• _PROBLEM TO SOLVE_
Give the lines again exactly as they appear below, from the line with "This paper proposes" to the line with "A sweet navy", both included, and only those lines. Leave every picture out.
RECORD SET Start Marker
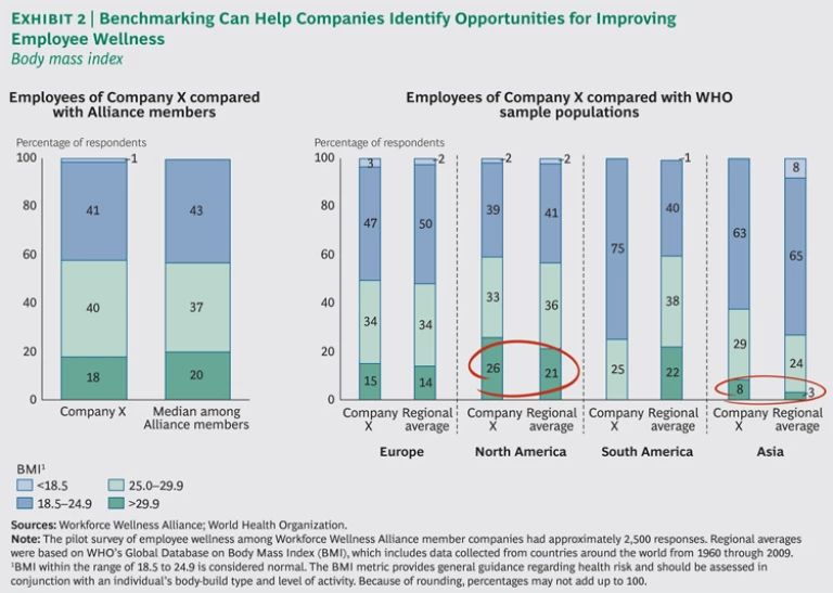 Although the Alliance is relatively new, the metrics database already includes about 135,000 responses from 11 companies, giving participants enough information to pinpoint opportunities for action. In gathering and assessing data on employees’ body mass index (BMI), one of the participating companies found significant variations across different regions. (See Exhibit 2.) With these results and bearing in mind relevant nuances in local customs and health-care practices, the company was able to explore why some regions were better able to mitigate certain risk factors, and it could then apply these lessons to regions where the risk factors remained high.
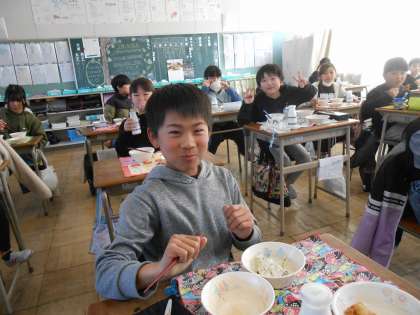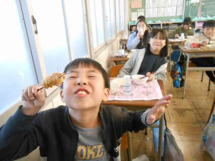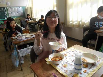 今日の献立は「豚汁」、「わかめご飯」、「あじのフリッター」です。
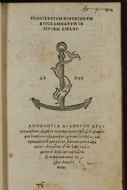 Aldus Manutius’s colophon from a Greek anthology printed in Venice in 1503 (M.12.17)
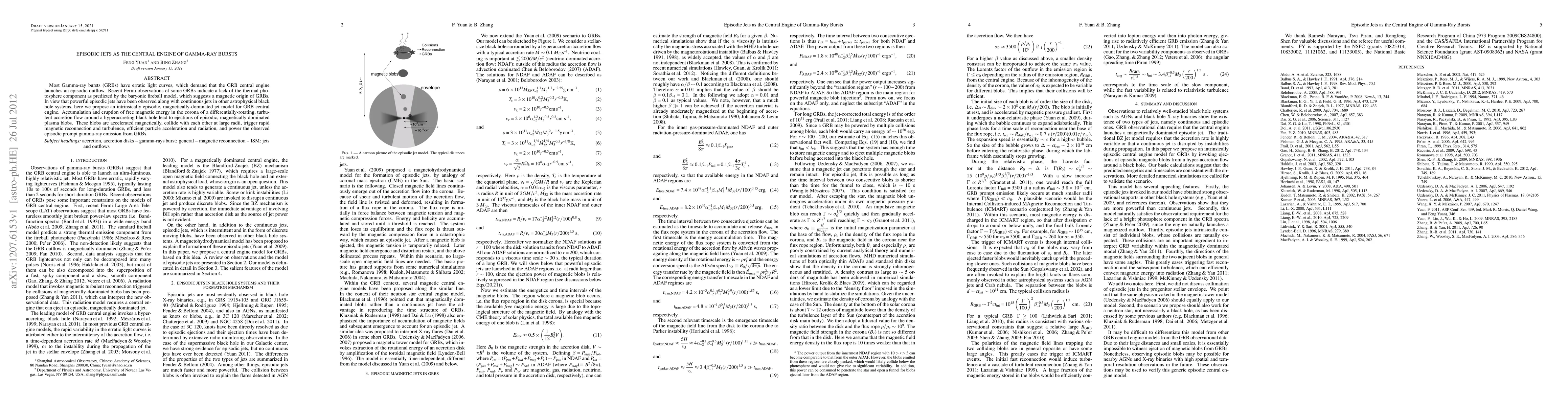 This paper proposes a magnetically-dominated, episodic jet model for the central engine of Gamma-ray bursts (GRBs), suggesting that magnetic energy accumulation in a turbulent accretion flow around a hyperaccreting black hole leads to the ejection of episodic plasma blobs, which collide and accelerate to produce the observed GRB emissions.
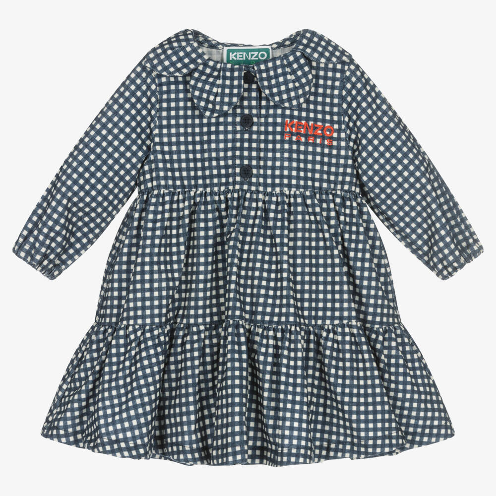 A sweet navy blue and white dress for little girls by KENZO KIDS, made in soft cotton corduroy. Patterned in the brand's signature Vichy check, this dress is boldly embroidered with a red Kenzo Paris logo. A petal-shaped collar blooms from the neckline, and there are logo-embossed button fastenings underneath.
RECORD SET End Marker
RECORD SET Start Marker
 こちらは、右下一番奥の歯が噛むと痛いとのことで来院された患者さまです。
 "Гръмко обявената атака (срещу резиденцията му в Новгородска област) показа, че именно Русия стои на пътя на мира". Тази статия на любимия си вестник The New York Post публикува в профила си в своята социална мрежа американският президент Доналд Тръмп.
RECORD SET End Marker
• _WRITTEN RESPONSE_
 This paper proposes a magnetically-dominated, episodic jet model for the central engine of Gamma-ray bursts (GRBs), suggesting that magnetic energy accumulation in a turbulent accretion flow around a hyperaccreting black hole leads to the ejection of episodic plasma blobs, which collide and accelerate to produce the observed GRB emissions.
 A sweet navy blue and white dress for little girls by KENZO KIDS, made in soft cotton corduroy. Patterned in the brand's signature Vichy check, this dress is boldly embroidered with a red Kenzo Paris logo. A petal-shaped collar blooms from the neckline, and there are logo-embossed button fastenings underneath.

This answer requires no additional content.